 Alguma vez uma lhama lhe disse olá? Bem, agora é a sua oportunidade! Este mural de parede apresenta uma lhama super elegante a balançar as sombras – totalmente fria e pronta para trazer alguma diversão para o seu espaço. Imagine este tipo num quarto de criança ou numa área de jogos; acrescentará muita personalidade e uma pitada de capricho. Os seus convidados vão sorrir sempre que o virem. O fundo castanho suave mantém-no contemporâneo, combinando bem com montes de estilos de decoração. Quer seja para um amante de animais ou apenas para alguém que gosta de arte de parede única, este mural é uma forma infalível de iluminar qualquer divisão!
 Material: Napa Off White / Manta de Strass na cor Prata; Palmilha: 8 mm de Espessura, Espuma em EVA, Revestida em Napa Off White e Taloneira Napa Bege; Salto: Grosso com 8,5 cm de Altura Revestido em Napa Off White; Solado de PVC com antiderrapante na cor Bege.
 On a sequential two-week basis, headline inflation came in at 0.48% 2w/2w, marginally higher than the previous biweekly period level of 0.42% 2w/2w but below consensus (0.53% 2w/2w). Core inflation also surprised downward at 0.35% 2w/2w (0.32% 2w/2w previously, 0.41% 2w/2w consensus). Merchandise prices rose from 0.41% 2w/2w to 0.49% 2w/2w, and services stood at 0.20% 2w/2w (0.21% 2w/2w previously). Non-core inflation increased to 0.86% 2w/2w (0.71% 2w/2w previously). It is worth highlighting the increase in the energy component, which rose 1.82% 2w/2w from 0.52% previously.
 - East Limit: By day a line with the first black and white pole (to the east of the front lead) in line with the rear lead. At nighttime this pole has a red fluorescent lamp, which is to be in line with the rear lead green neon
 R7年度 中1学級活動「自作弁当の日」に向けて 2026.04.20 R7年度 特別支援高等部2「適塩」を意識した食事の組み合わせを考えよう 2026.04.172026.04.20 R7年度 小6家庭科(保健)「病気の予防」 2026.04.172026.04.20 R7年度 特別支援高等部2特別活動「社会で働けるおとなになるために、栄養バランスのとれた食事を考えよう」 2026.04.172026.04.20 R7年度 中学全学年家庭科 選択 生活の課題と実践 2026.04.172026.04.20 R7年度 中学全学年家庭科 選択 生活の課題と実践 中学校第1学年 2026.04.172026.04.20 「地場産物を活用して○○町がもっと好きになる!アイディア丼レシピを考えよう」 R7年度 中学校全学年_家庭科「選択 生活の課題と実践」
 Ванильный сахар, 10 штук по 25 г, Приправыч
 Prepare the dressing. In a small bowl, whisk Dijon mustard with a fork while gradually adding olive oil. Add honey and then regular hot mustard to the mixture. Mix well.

• _Assignment_: Your task is to copy exactly, and only, the lines from the line with "Ванильный сахар, 10 штук по 25 г, Приправыч" through the last line of the entries, both included.

• _Solution to the exercise_:
 Ванильный сахар, 10 штук по 25 г, Приправыч
 Prepare the dressing. In a small bowl, whisk Dijon mustard with a fork while gradually adding olive oil. Add honey and then regular hot mustard to the mixture. Mix well.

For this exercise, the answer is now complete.